Be familiar with how and when to turn off the water, gas, and electricity in your home at the main switches. Teach each family member who is old enough how and when to turn off utilities. Keep necessary tools near gas and water shut-off valves. If you don’t know these specifics, contact your utility providers for instructions, and then place a sign near each utility with these instructions. Remember, once the gas is off, you must wait for a professional to turn it back on.

Install smoke alarms, carbon monoxide detectors, and fire extinguishers on each level of your home. Check the batteries in smoke detectors every few months. Put this on your calendar as an automatic reminder.

Have a battery-powered radio ready. Keep spare batteries near the radio. Instruct household members to turn on the radio for emergency information.

Keep emergency supplies on hand. Also assemble a disaster supplies kit as well as a car emergency kit. Visit the Government of Canada Emergency Preparedness Guide to learn more about what to include in your supply kits and how best to maintain them.

Check to make sure you have sufficient insurance coverage. Know what the policy covers for each type of emergency.

Tips for children

When talking with a child, use age-appropriate language. Explain that having a plan makes it more likely that the family will stay together in an emergency.

Teach very young children their last names and the name of their city or town. If they get separated from your family in a crisis, this knowledge will help you and your children find each other.

Make sure everyone knows family mobile phone numbers. Enter the numbers into the contact lists on your children’s phones. Or post them in a note on the home screen.

Teach children how and when to call for help. Explain how to call 9-1-1 and leave a sample script by each phone.

Show children (and any adults needing instruction) how to send text messages from their phones. Explain that phone calls may not go through in an emergency, when lines are very busy, but that text messages may get through even if you can’t complete a phone call.

Practicing and maintaining the plan

It’s harder to think clearly when you are under stress. Practice your plan until you are confident everyone can follow it well. And practice them regularly so that everyone remembers how to use them.
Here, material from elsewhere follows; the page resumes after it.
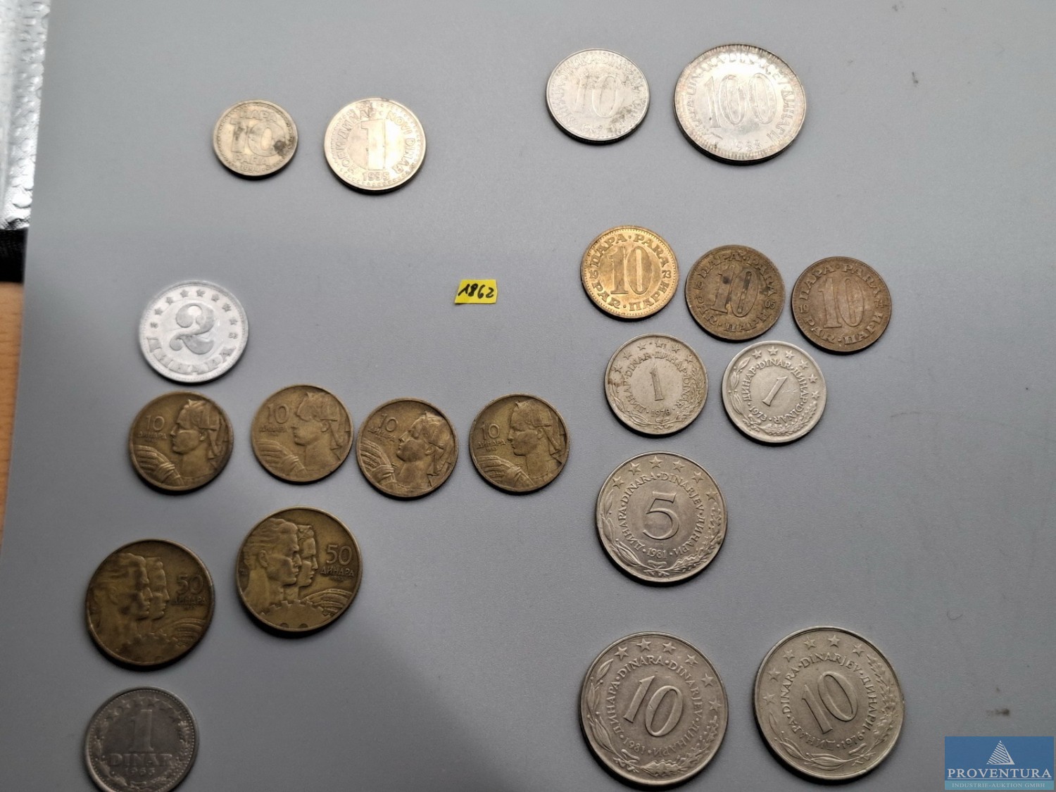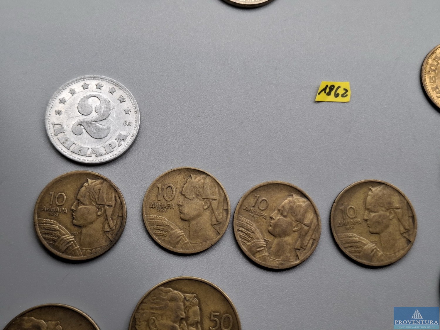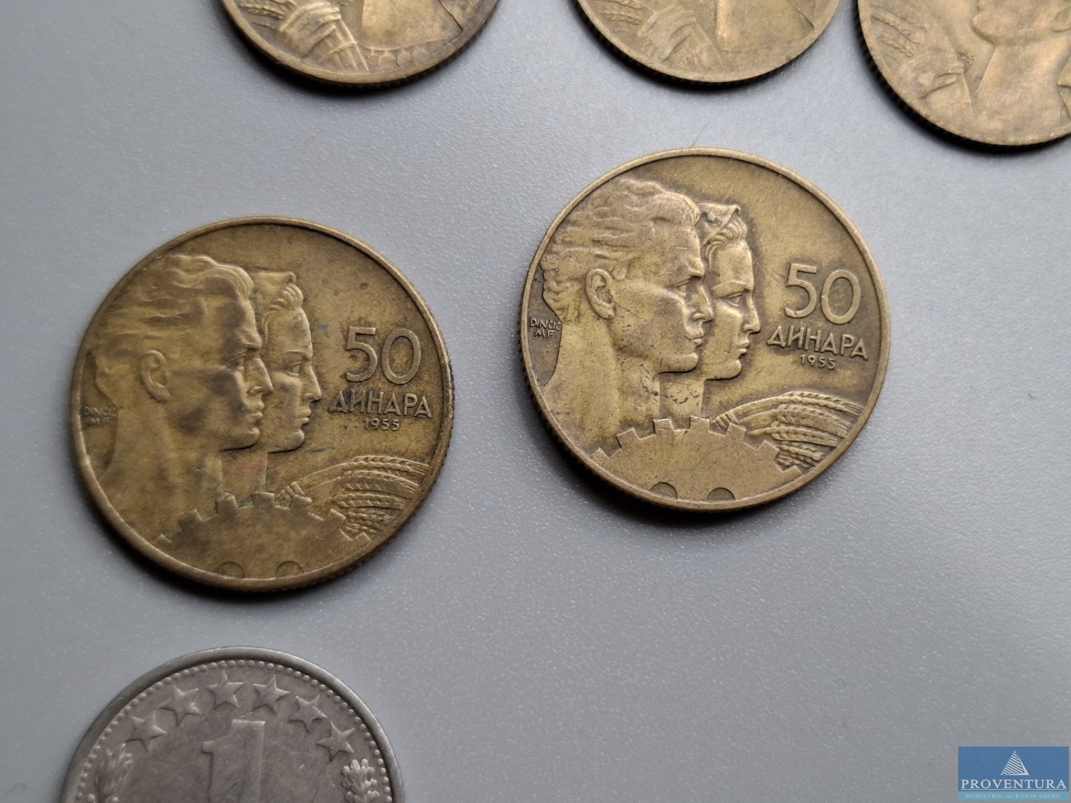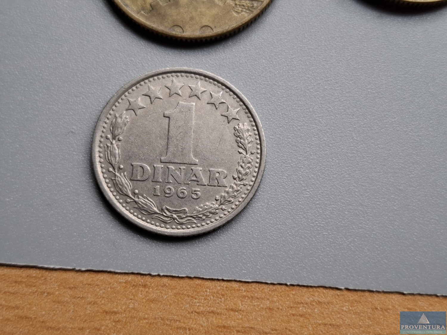 Обращение: монеты Югославии 1938 года — 1 динар, 2 динара, 1955 года — 10 динаров, 20 динаров, 50 динара, 1953 года — 1 динара, 2 динара, 5 динаров, 1963 года — 1 динара, 10 динара, 50 динара, 1965 года — 5 пара — 1 дина

Here are some tips:

Replace stored water every three months and stored food every six months.

Test and recharge fire extinguishers according to the manufacturer’s instructions.

Conduct fire and emergency evacuation drills every six months. Also, quiz children every six months so that they remember what to do. Keep a log of the dates of these drills.

While no emergency plan can anticipate every possible scenario, having a basic strategy outlined can help you and your family feel more capable of dealing with an emergency in case it ever becomes necessary.